**INSTRUCTIONS FOR THE TASK:** Set down every record below exactly as it stands, with the pictures omitted.

**INFORMATION GIVEN:**
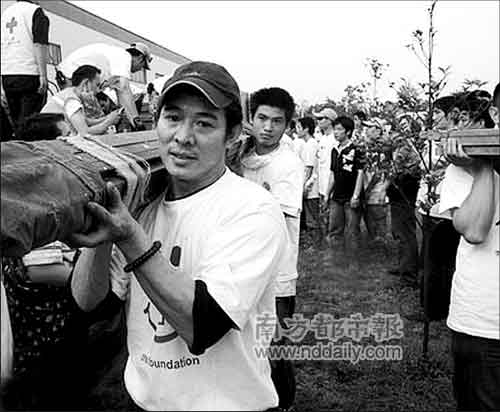 李連杰近日親赴汶川地震災(zāi)區(qū)前線。除了帶去3噸多救援物資、50多萬人的捐款,以及兩支救助志愿者隊(duì)伍外,更身體力行親自上陣,搬運(yùn)帳篷,參與重建。昨天上午,李連杰在成都出席“中國紅十字會(huì)李連杰壹基金5·12四川地震賑災(zāi)臨時(shí)指揮部”成立發(fā)布會(huì)。據(jù)悉,臨時(shí)指揮部已構(gòu)建起三個(gè)小組:統(tǒng)籌組、物資運(yùn)輸組和外聯(lián)組。李連杰表示,“明天第三批物資要過來,近期會(huì)在江油等地建立壹基金之家,幫助130多所學(xué)校的學(xué)生復(fù)課。”截止到昨天中午12時(shí),壹基金已籌集善款5654.57萬元人民幣,有超過66萬人次參與捐款。不少網(wǎng)友感動(dòng)地稱,李連杰是一個(gè)“超級(jí)英雄”。
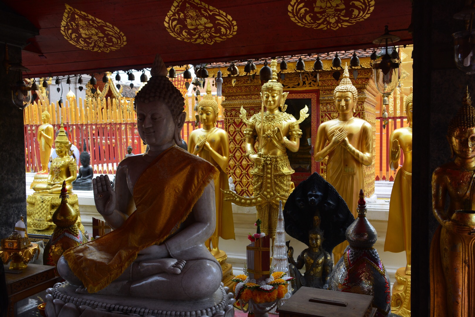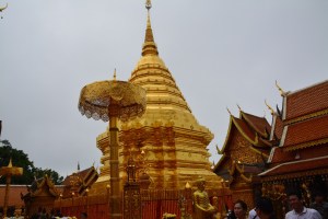 Uiteindelijk kwamen we aan bij Wat Doi Suthep. Deze gouden tempel werd aangeschreven als de meeste indrukwekkende van Chiang Mai. Daar aangekomen, kon ik dit bevestigen. Bijna de gehele tempel had een gouden kleur. In het midden van de tempel stond een chedi (zo’n punt net als de drie in Ayutthaya). In deze punt zouden relikwieën van Boeddha liggen. Als je de chedi wil bezoeken, moest je eest je schoenen uitdoen voor je naar binnen mocht. Om de chedi heen stonden diverse Boeddha beelden, stonden mensen met wierook en waren mensen aan het bidden richting de chedi. Overal waar je keek zag je dingen gebeuren rondom het boeddhisme. Als iemand daar niet bezig was met zijn geloof, dan was het een toerist. Buiten het centrum van de tempel liepen en zaten ook nog monniken. Of zij daadwerkelijk in de tempel leven weet ik niet. Daarnaast kon je ook vanuit de tempel een prachtig uitzicht krijgen van de stad en omgeving.
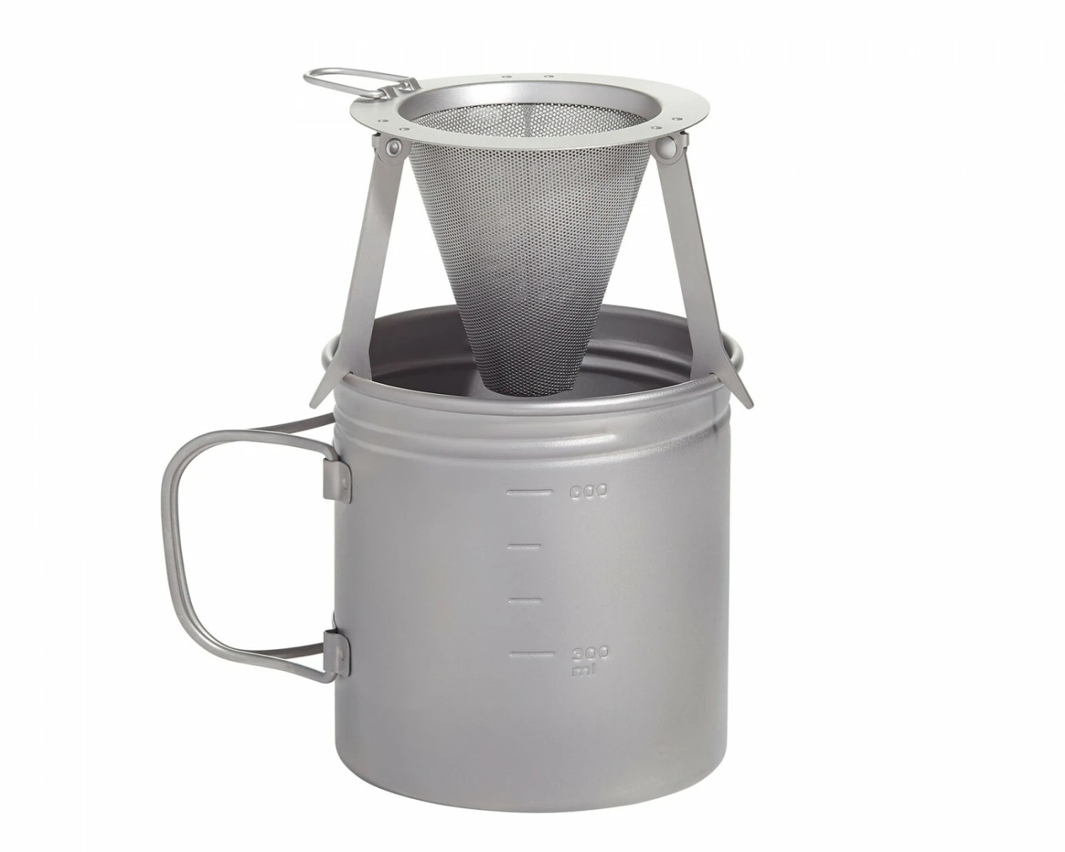 Don’t let anything come between you and a fresh cup of pure coffee. The Vargo Titanium Travel Coffee Filter is a solo pour-over coffee maker that easily fits and nests with your favorite mug. Made from pure titanium, it’s reusable, eco-friendly, and biocompatible so that the only thing you taste is delicious hot coffee in your cup whether at home or on the trail. The Titanium Travel Coffee Filter is your ticket to a simple, premium cup of coffee. No bothersome paper filters to add or multiple pieces to lose. When it comes to materials for coffee filters, nothing compares to titanium. Its non-corrosive and biocompatible properties means all you’ll ever taste is delicious, hot coffee in your cup. Make the perfect pourover either at home or on your next adventure with the Titanium Travel Coffee Filter. Features: 100% biocompatible titanium won’t leach chemicals, corrode, or impart any flavors for absolutely pure tasting coffee Double mesh construction offers strength and fine filtering Reusable and eco-friendly – no plastic cups or paper filters to waste Sturdy talon-style folding legs fit and nest with a wide variety of mugs Easy to clean and maintain for many years of use Folding handle for easy lifting without burning fingers Compact size and included mesh bag for easy storage Specifications: Weight: 1.27 ounces (36 grams) Dimensions: 3.5″D x 2.8″ (87 mm x 71 mm) (T-474)
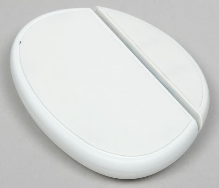 В отличие от большинства магазинно-офисных датчиков движения, этот прибор имеет миниатюрные габариты и не перекрывает собой дверные косяки или потолочные карнизы. Чуть выше фирменного логотипа находится синий светодиод, который во время работы просвечивает сквозь нежно-молочный пластик корпуса.
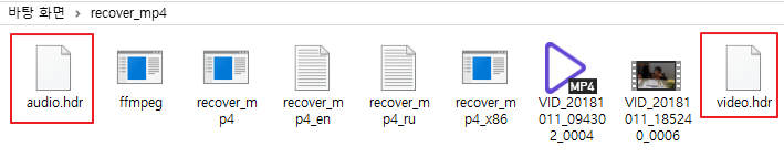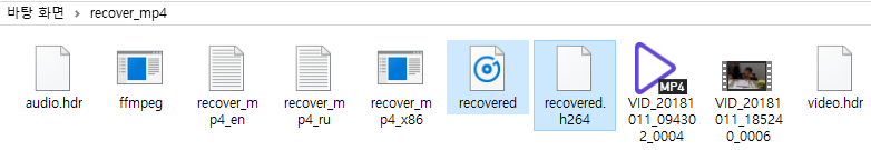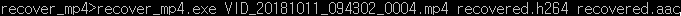 명령어 : recover_mp4.exe ~~_0004.mp4(손상된 파일) recovered.h264 recovered.aac
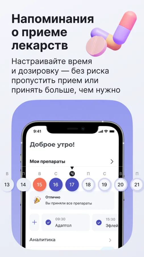 • Дневник лекарств — напоминание и контроль приема лекарств, информация о препаратах, дозировке, курсе и кратности приема;
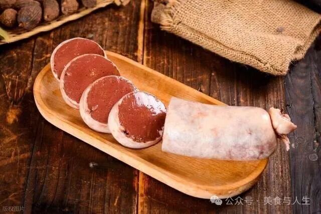 新鲜猪血加酸菜、香料灌入肠衣,蒸熟后切片,常配酸菜白肉锅。色泽暗红、血腥味浓,东北人待客必备,南方人多不敢尝试。
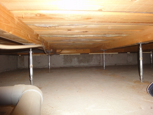 まず一般的なお家の床下は外気と同じ気温です。というのも基礎と土台の間に通気パッキンというのを置いて空気を通すようにしています。下の写真の線状に光が見えるところがそれです。
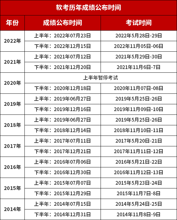 软考各个科目的成绩查询时间都是一致的,一般在考后一个月就能查询成绩,下面是软考历年成绩公布时间以及间隔规律表:
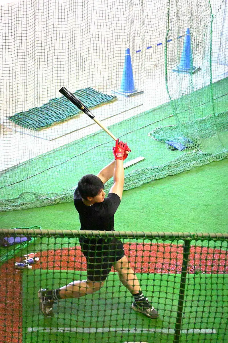 久しぶりの感触を確かめるようにスイングを繰り返した。5月6日の阪神戦の一塁守備で打者走者と交錯して左腕を負傷。全治3カ月程度と見込まれる中、ノックやベースランニングと徐々に段階を上げ、痛めた左腕を使った打撃練習ができるまで回復した。力強く広角に打ち分け「距離感とか感覚的にはズレはあるけれど、時間がない。オフシーズンではないので」と早期復帰を見据えた。

**REPLY TO THE TASK:**
 李連杰近日親赴汶川地震災(zāi)區(qū)前線。除了帶去3噸多救援物資、50多萬人的捐款,以及兩支救助志愿者隊(duì)伍外,更身體力行親自上陣,搬運(yùn)帳篷,參與重建。昨天上午,李連杰在成都出席“中國紅十字會(huì)李連杰壹基金5·12四川地震賑災(zāi)臨時(shí)指揮部”成立發(fā)布會(huì)。據(jù)悉,臨時(shí)指揮部已構(gòu)建起三個(gè)小組:統(tǒng)籌組、物資運(yùn)輸組和外聯(lián)組。李連杰表示,“明天第三批物資要過來,近期會(huì)在江油等地建立壹基金之家,幫助130多所學(xué)校的學(xué)生復(fù)課。”截止到昨天中午12時(shí),壹基金已籌集善款5654.57萬元人民幣,有超過66萬人次參與捐款。不少網(wǎng)友感動(dòng)地稱,李連杰是一個(gè)“超級(jí)英雄”。
 Uiteindelijk kwamen we aan bij Wat Doi Suthep. Deze gouden tempel werd aangeschreven als de meeste indrukwekkende van Chiang Mai. Daar aangekomen, kon ik dit bevestigen. Bijna de gehele tempel had een gouden kleur. In het midden van de tempel stond een chedi (zo’n punt net als de drie in Ayutthaya). In deze punt zouden relikwieën van Boeddha liggen. Als je de chedi wil bezoeken, moest je eest je schoenen uitdoen voor je naar binnen mocht. Om de chedi heen stonden diverse Boeddha beelden, stonden mensen met wierook en waren mensen aan het bidden richting de chedi. Overal waar je keek zag je dingen gebeuren rondom het boeddhisme. Als iemand daar niet bezig was met zijn geloof, dan was het een toerist. Buiten het centrum van de tempel liepen en zaten ook nog monniken. Of zij daadwerkelijk in de tempel leven weet ik niet. Daarnaast kon je ook vanuit de tempel een prachtig uitzicht krijgen van de stad en omgeving.
 Don’t let anything come between you and a fresh cup of pure coffee. The Vargo Titanium Travel Coffee Filter is a solo pour-over coffee maker that easily fits and nests with your favorite mug. Made from pure titanium, it’s reusable, eco-friendly, and biocompatible so that the only thing you taste is delicious hot coffee in your cup whether at home or on the trail. The Titanium Travel Coffee Filter is your ticket to a simple, premium cup of coffee. No bothersome paper filters to add or multiple pieces to lose. When it comes to materials for coffee filters, nothing compares to titanium. Its non-corrosive and biocompatible properties means all you’ll ever taste is delicious, hot coffee in your cup. Make the perfect pourover either at home or on your next adventure with the Titanium Travel Coffee Filter. Features: 100% biocompatible titanium won’t leach chemicals, corrode, or impart any flavors for absolutely pure tasting coffee Double mesh construction offers strength and fine filtering Reusable and eco-friendly – no plastic cups or paper filters to waste Sturdy talon-style folding legs fit and nest with a wide variety of mugs Easy to clean and maintain for many years of use Folding handle for easy lifting without burning fingers Compact size and included mesh bag for easy storage Specifications: Weight: 1.27 ounces (36 grams) Dimensions: 3.5″D x 2.8″ (87 mm x 71 mm) (T-474)
 В отличие от большинства магазинно-офисных датчиков движения, этот прибор имеет миниатюрные габариты и не перекрывает собой дверные косяки или потолочные карнизы. Чуть выше фирменного логотипа находится синий светодиод, который во время работы просвечивает сквозь нежно-молочный пластик корпуса.
 명령어 : recover_mp4.exe ~~_0004.mp4(손상된 파일) recovered.h264 recovered.aac
 • Дневник лекарств — напоминание и контроль приема лекарств, информация о препаратах, дозировке, курсе и кратности приема;
 新鲜猪血加酸菜、香料灌入肠衣,蒸熟后切片,常配酸菜白肉锅。色泽暗红、血腥味浓,东北人待客必备,南方人多不敢尝试。
 まず一般的なお家の床下は外気と同じ気温です。というのも基礎と土台の間に通気パッキンというのを置いて空気を通すようにしています。下の写真の線状に光が見えるところがそれです。
 软考各个科目的成绩查询时间都是一致的,一般在考后一个月就能查询成绩,下面是软考历年成绩公布时间以及间隔规律表:
 久しぶりの感触を確かめるようにスイングを繰り返した。5月6日の阪神戦の一塁守備で打者走者と交錯して左腕を負傷。全治3カ月程度と見込まれる中、ノックやベースランニングと徐々に段階を上げ、痛めた左腕を使った打撃練習ができるまで回復した。力強く広角に打ち分け「距離感とか感覚的にはズレはあるけれど、時間がない。オフシーズンではないので」と早期復帰を見据えた。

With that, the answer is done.